私は問診票を先生に渡すとそのまま別の部屋に案内された。


「ここで下着を脱いで、台の上に乗ってね。」


私はお腹に超音波を当てるエコーを想像していた。だけど想像は想像、実際は違った。


私はカーテンの向こうで何をされているのか、考えないようにした。考えてしまうと辛うじて保てている私の何かが完全に壊れてしまうような気がした。


「はいー、モニターに映像映すよー。」

カーテンの向こうから、さっきの女医さんの声が聞こえる。


私の見える位置にあるモニター、そこに何がどうなっているかわからないけれど、ただずっと一定リズムで動く何かがあるのだけはわかる。

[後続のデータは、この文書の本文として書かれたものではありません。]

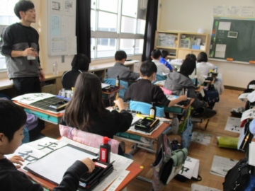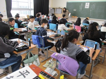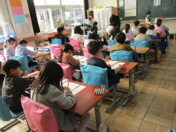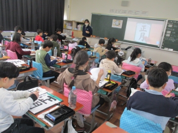 担任から用紙や半紙が配られ、書く前にめあての確認をしてから書き始めていました。

「はーい、今動いているのはお腹の中の赤ちゃんの心臓ね。多分大きさはまだ1センチもないね。一応正常妊娠だから学校の先生が言っていたようなことにはならないから安心して。」


私はとりあえずホッとする。だけど逆に言うと何もしなければお腹の中で育つということ。

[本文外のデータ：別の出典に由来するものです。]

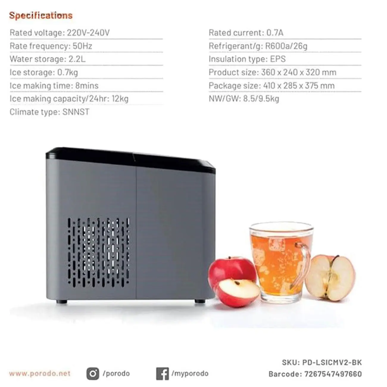 دستگاه یخساز فوری قابل حمل پرودو مدل Porodo PD-LSICMV2 ظرفیت 2.2 لیتر

私は女医さんに「もういい?」と言われるまで、モニターに映る動く小さな心臓を見ていた。



「まず、最初に。出産するのも中絶するのも最終的にはあなたが全部決めていいことよ。もちろん誰に相談してもいい。だけど、もしも中絶するなら今は6週目だから、あと6週間以内に決めた方がいい。一応22週目までは中絶できるけれど、12週目以降は死産扱いになるから。とりあえず、中絶するにしてもしないにしても1ヶ月後、この病院にいらっしゃい。あと領収書は無くすと後で困るから預かるけどいい?」


私は頷いた。


淡々と受付で私はお金を払った。思ったよりもお金は安かった。

私は何事もないように大阪駅から電車に乗って家に帰った。誰もいない家でささっと制服に着替えて再び大阪駅に行く。

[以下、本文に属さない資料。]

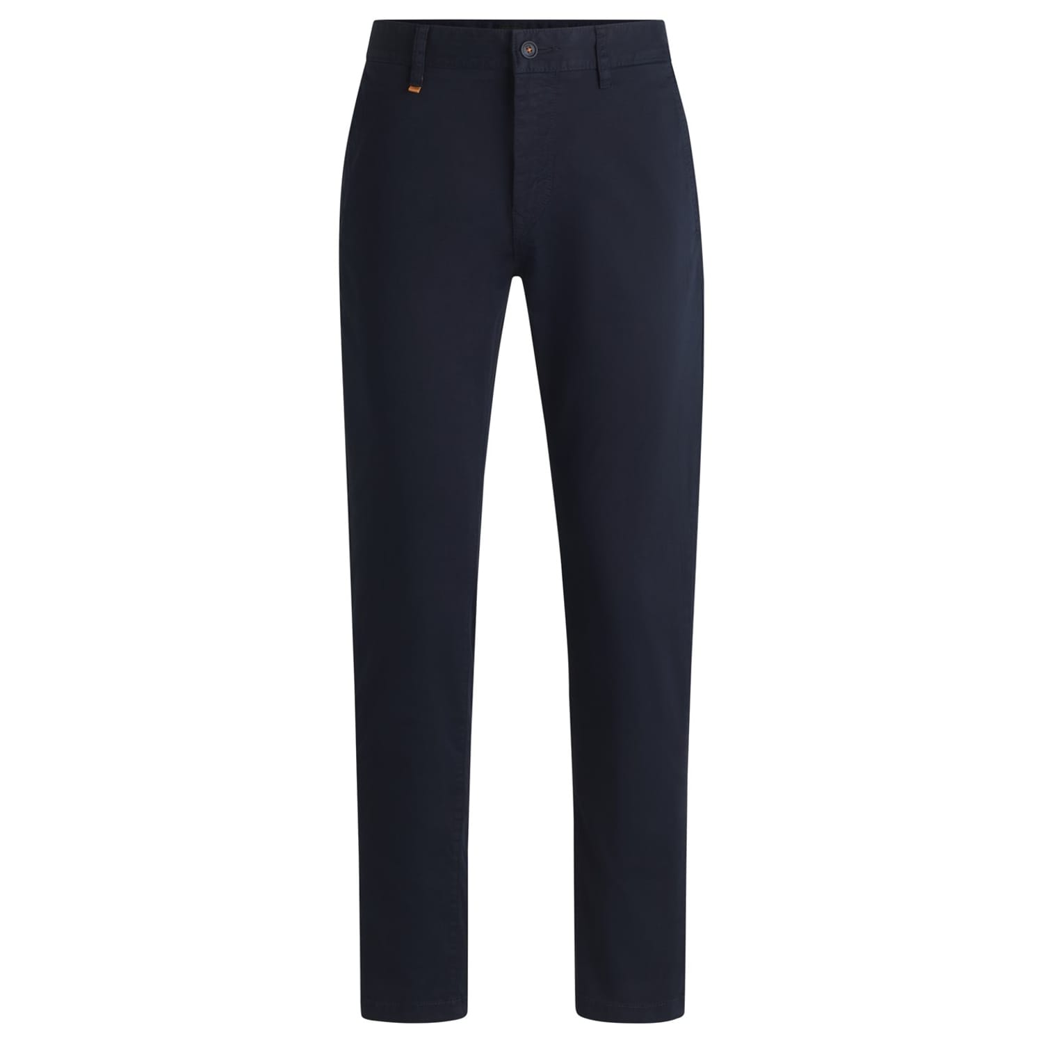 Regular-rise chinos by BOSS Menswear with double belt loops to accommodate different belt widths and a BOSS logo at the rear for signature appeal. For our RESPONSIBLE products, we always use at least 60% more sustainable raw materials. By purchasing this product, you are contributing to protecting the environment and sustainable cotton farming in Africa. CmiA labelled products help to improve the living and working conditions of African cotton farmers and preserve nature. -

ちょうど高木くんがいつもの待ち合わせ場所にいた。私は何事もなかったように高木くんと手を繋いでバイト先に行き、いつものように花を売って一緒にJRの電車に乗った。


帰りの混雑した電車の中、私くらいの女の子が大きくお腹を膨らました妊婦さんに席を譲った。


妊婦さんは「ありがとう」と言って席に座る。そして幸せそうな顔で優しく大きなお腹を撫でていた。


私はそれを見て泣いてしまった。


高木くんは一瞬戸惑っていたけれど、手すりを持ち方とは反対の手で何も言わず優しく片腕で抱きしめてくれた。


高木くんは電車を出たあと「大丈夫か?」と声をかけてくれる。

「なんでもないの、ちょっと昨日見たアニメを思い出して。」

「昨日って、バイオレット・エバー...」

「そうそう、それ。小さな女の子が....。」


どう感情を抑えたらいいのかわからない。

私はなんで今泣いているのだろう。


「ごめん、ごめん。まさかそこまで泣くとは思わなくて。今度からもうちょっと明るめのアニメを紹介するよ。」


高木くんは優しいけど、私の本当の気持ちはわからない。


私は慰められながら一緒にいつもの路地まで歩いた。高木は家まで送ってくれると言ったけれど、私は断固として拒否した。


もしもお父さんが泣いている私と高木くんを見たら何を勘違いするかわからない


私は高木くんと別れた後、涙が収まるまで1人になろうと昼間いた公園へと向かった。